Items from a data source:
━━━━━━━━
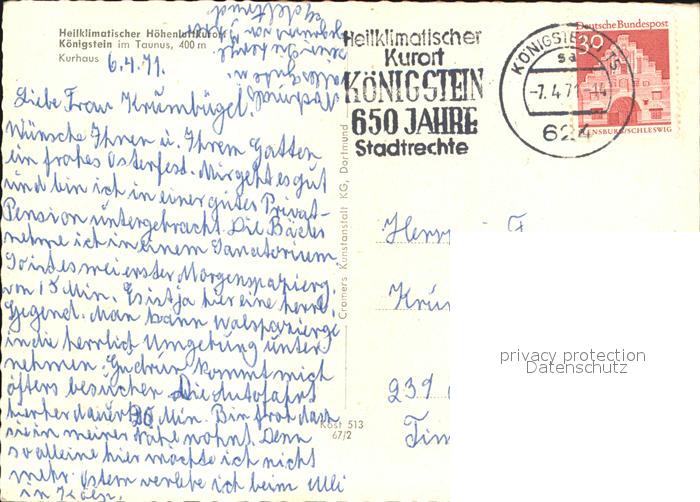 72549750 alte Postkarte Koenigstein Taunus Kurhaus postalisch gelaufen Erhaltung siehe scans [AndreD76 kv022box] KatCode: 11110006434005
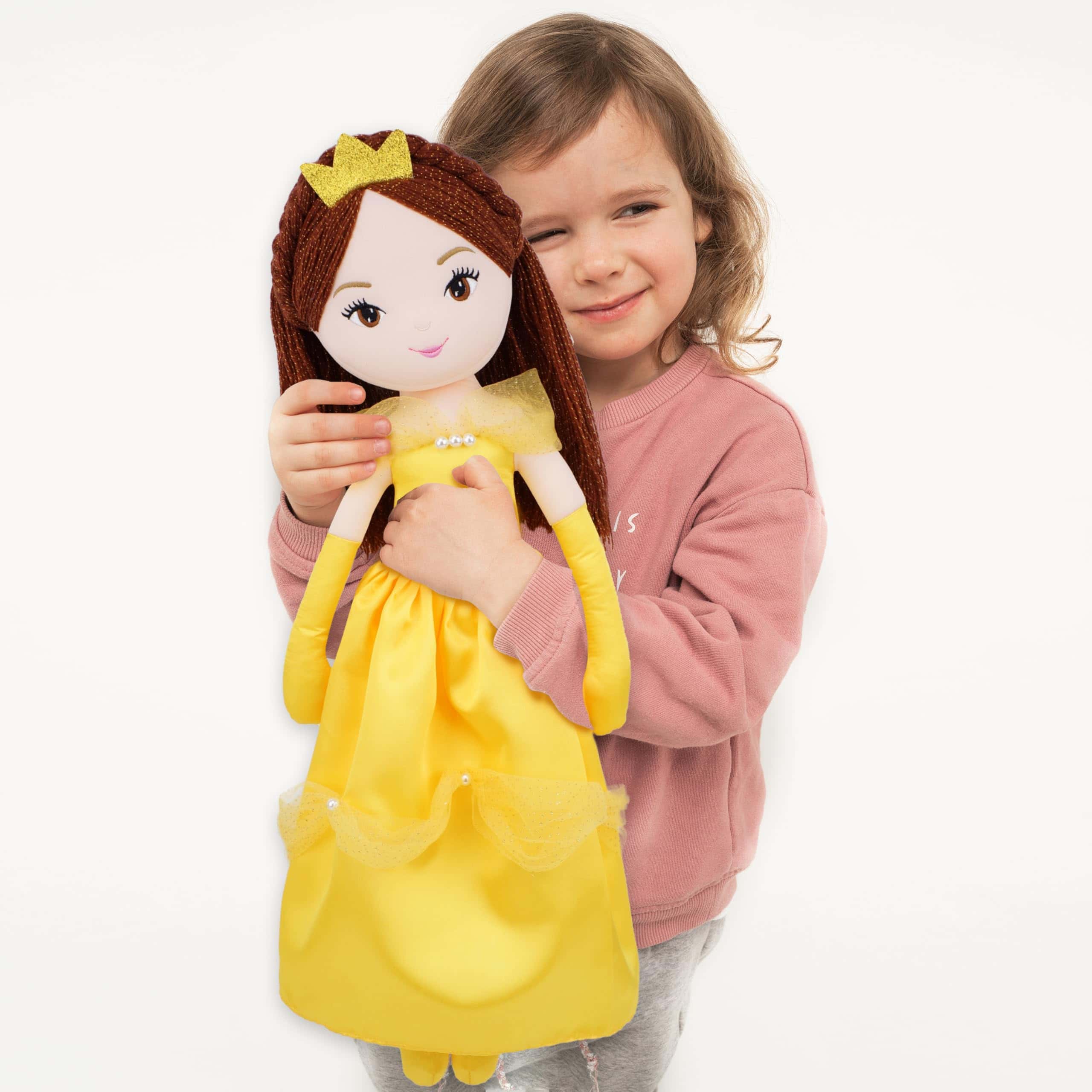 2. Amiga real: Esta muñeca de peluche de 30″ de altura, con su cálidos cabellos y ojos marrones, será una compañera leal y real para todas las recreaciones de cuentos de hadas de su hijo.
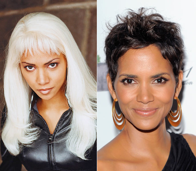 Para a série de filmes X-Men, a atriz adotou fios brancos e longos por causa de sua personagem. Na vida real, Halle usa os cabelos curtinhos e castanhos. Qual look você mais gosta?
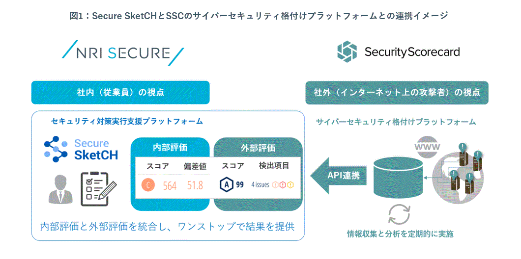 Secure SketCHは、情報セキュリティ担当者がWebサイト上で約80の設問に回答することで、国内を中心とした1,800社以上の登録データと比較しながら、内部評価を行った結果を得られます。その有効性から、Secure SketCHは計800社以上の企業に利用されてきました。今回加わる新機能では、担当者が設問に回答する必要はなく、外部評価の結果が点数(スコア)として自動的に算出され、毎日更新されます(図2)。担当者は、内部評価に加えて、外部評価の結果を同一の画面で随時確認できるようになるため、セキュリティ業務のさらなる効率化・高度化が期待できます。
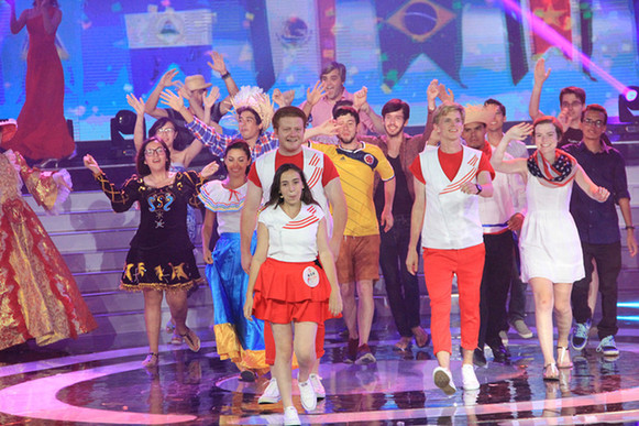 Monica Cunha da Silva from Brazil, the winner of the 13th Chinese Bridge -- Chinese Proficiency Competition for Foreign College Students, performs on stage along with her fellow competitors. [Photo provided to China.org.cn] |
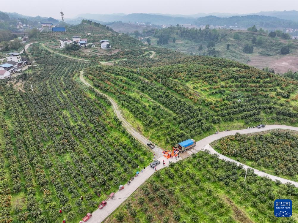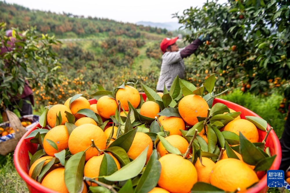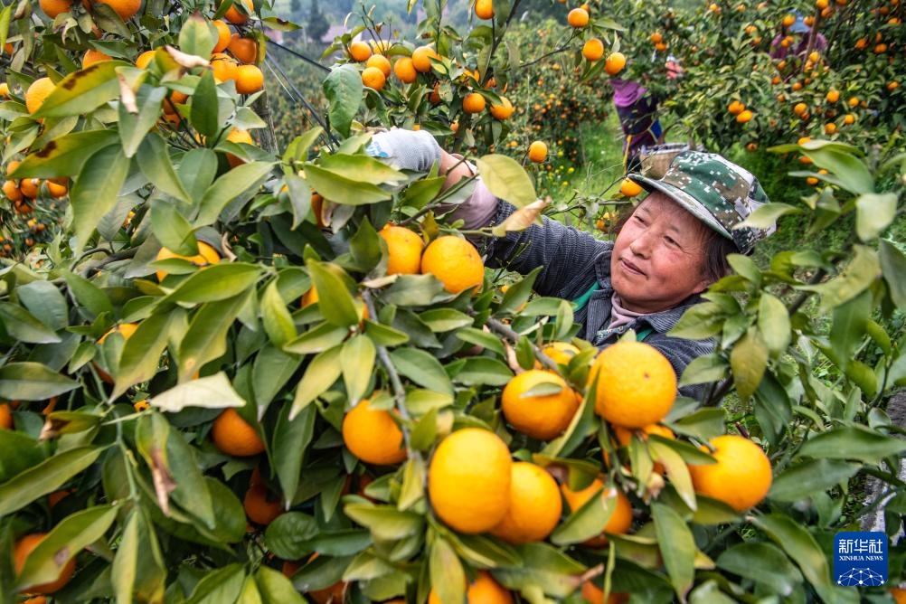 眼下,重庆市石柱县王场镇万亩晚熟柑橘迎来丰收季,当地农民抢抓农时采摘柑橘,一派繁忙景象。
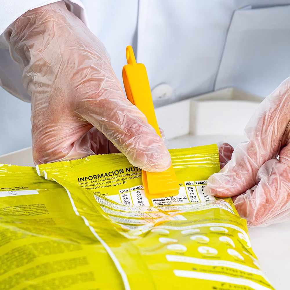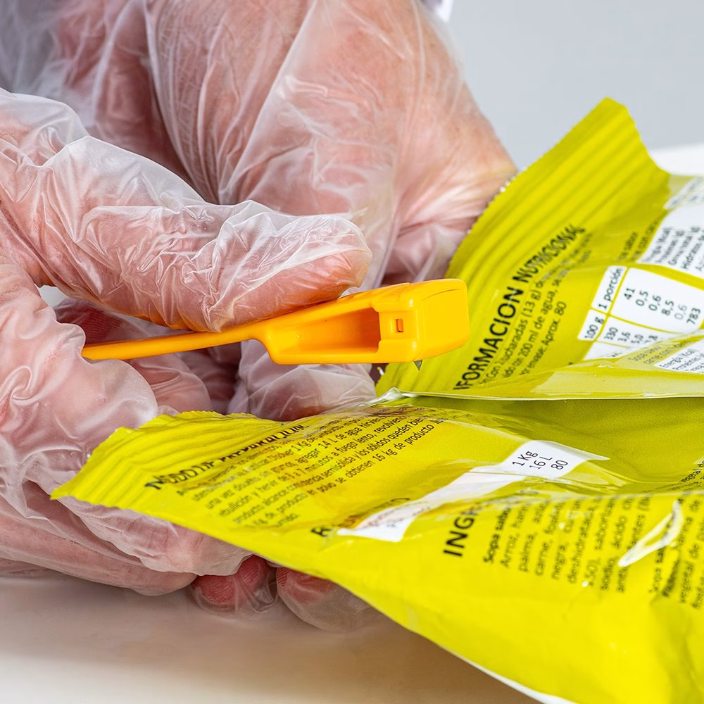 Cuchillo tipo pinza abre bolsas y paquetes.
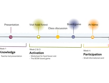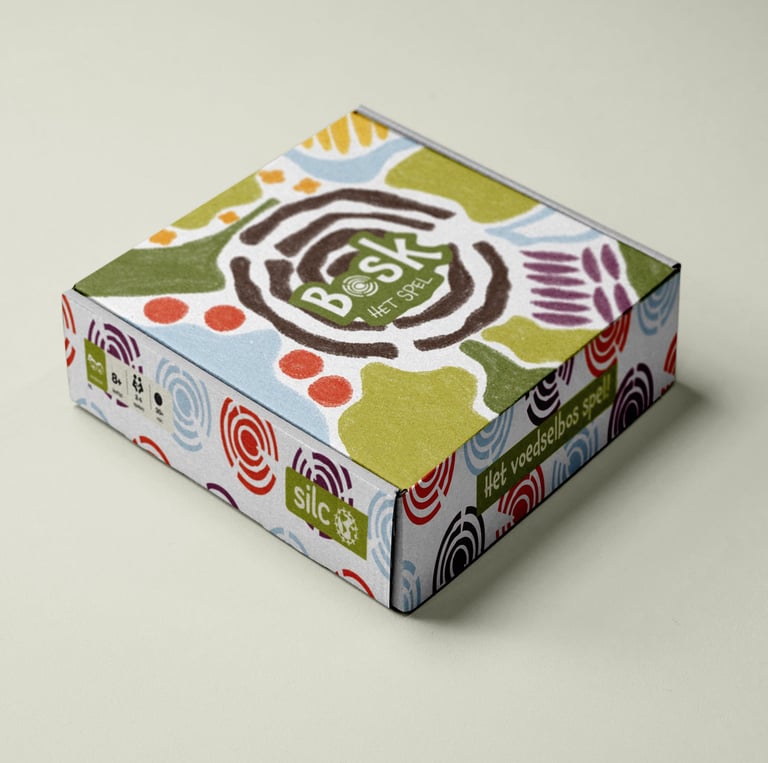 BOSK is een strategisch bordspel voor leerlingen van 11–12 jaar waarin zij op een speelse manier leren hoe een voedselbos werkt. Door tegels te plaatsen die verschillende lagen voorstellen – zoals wortels, planten, struiken en bomen – bouwen spelers stap voor stap hun eigen bos.
━━━━━━━━
Task goal:
Although pictures appear among the records above, none are to be output; print exactly the lines from the line containing "Monica Cunha da" through the line containing "Cuchillo tipo pinza abre bolsas y paquetes.".

Output of the task:
 Monica Cunha da Silva from Brazil, the winner of the 13th Chinese Bridge -- Chinese Proficiency Competition for Foreign College Students, performs on stage along with her fellow competitors. [Photo provided to China.org.cn] |
 眼下,重庆市石柱县王场镇万亩晚熟柑橘迎来丰收季,当地农民抢抓农时采摘柑橘,一派繁忙景象。
 Cuchillo tipo pinza abre bolsas y paquetes.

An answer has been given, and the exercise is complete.